The risks to economic activity caused by the conflict in the Middle East were incorporated into Banca d'Italia's projections published in April. In the baseline scenario, GDP is projected to grow by 0.5 per cent both this year and the next, and by 0.8 per cent in 2028. Uncertainty over these projections is exceptionally high. In an adverse scenario, prepared for illustrative purposes, protracted hostilities in the Middle East could dampen growth by about half a percentage point this year and by 1 point next year compared with the baseline scenario.

The current account surplus decreases

Export volumes declined and the current account surplus narrowed in the last quarter of 2025, mainly owing to the decline in the merchandise trade surplus. In January and February, exports went up, also benefiting from the boost to services generated by the Winter Olympics. The rise in imported energy prices will lead to a deterioration in Italy's energy balance.

Employment increases, but labour market participation decreases

Headcount employment increased and the unemployment rate declined further in the winter months. Labour market participation decreased, except for older workers. Wage growth in the non-farm private sector remained stable at low levels and higher than inflation.

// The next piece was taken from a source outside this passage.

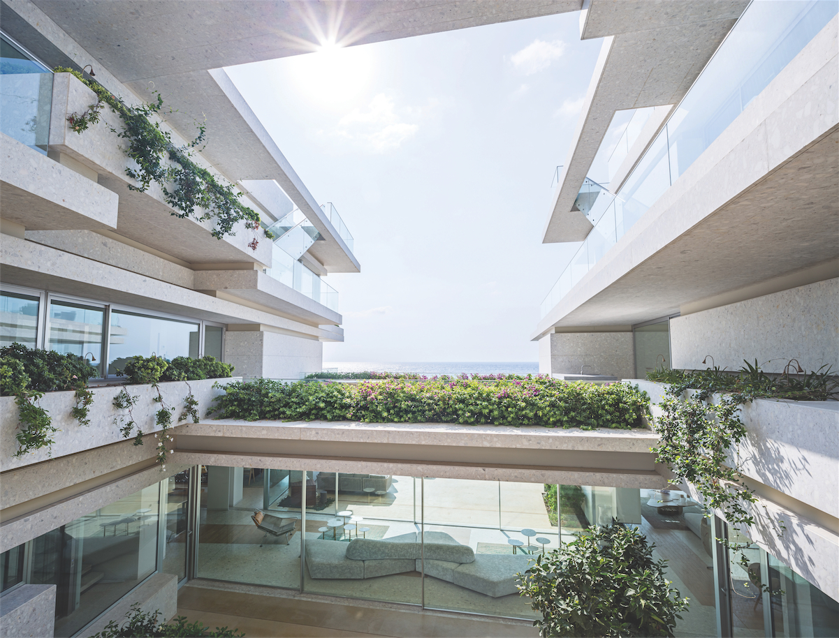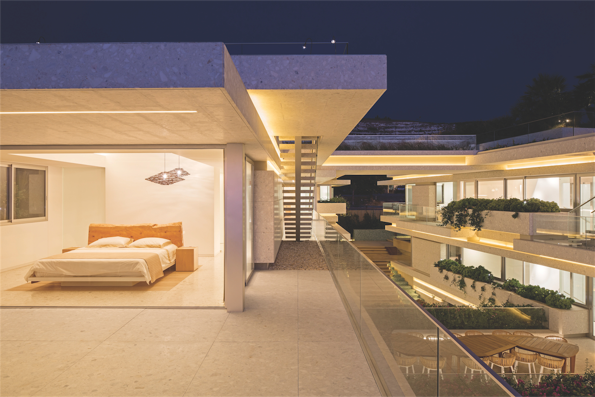 2000 kvadratinių metrų ploto vilos komplekso dizainas jungia saulę, jūros vėją ir pakrantės uolas į elegantišką, draugišką ir šiltą visumą. Tačiau pagrindinis dėmesio centras čia vis dėlto yra Viduržemio jūra. Klientams itin svarbus vietovės bruožas – atviri horizontai – turėjo būti atspindėtas ir pastato architektūroje. Pasirinkta atviro plano struktūra, daugelis patalpų maksimaliai išnaudoja apylinkių vaizdus.

Inflation remains moderate, but will increase in the short term

Inflation in Italy remained below the euro-area average in the first quarter of the year. The conflict in the Middle East led to a marked increase in fuel prices in the first weeks of March, but has not yet affected electricity and gas tariffs. The impact of higher energy prices on the consumer price index will become apparent in the coming months. In the baseline scenario of our projections, consumer price inflation is expected to rise to 2.6 per cent in 2026, before returning to below 2 per cent in the following two years. In the adverse scenario, inflation is projected to rise to 4.5 per cent this year, to 3.3 per cent in 2027 and to 2.2 per cent in 2028.

The rise in market rates following the start of the conflict could affect financing conditions

Lending rates for firms declined slightly between November and February, while those for mortgage loans edged up. Banks' credit standards remained stable and demand for loans increased. If the rise in market rates observed after the outbreak of the war were to persist, it could tighten financing conditions and curb demand for loans.

Net borrowing as a share of GDP falls, while the debt-to-GDP ratio rises

General government net borrowing as a share of GDP declined in 2025. The debt-to-GDP ratio increased, partly owing to the delayed effects of tax credits for building renovations and to the sizeable increase in the Treasury's liquid balance. The Government introduced some temporary measures in March and April in response to the rise in energy prices.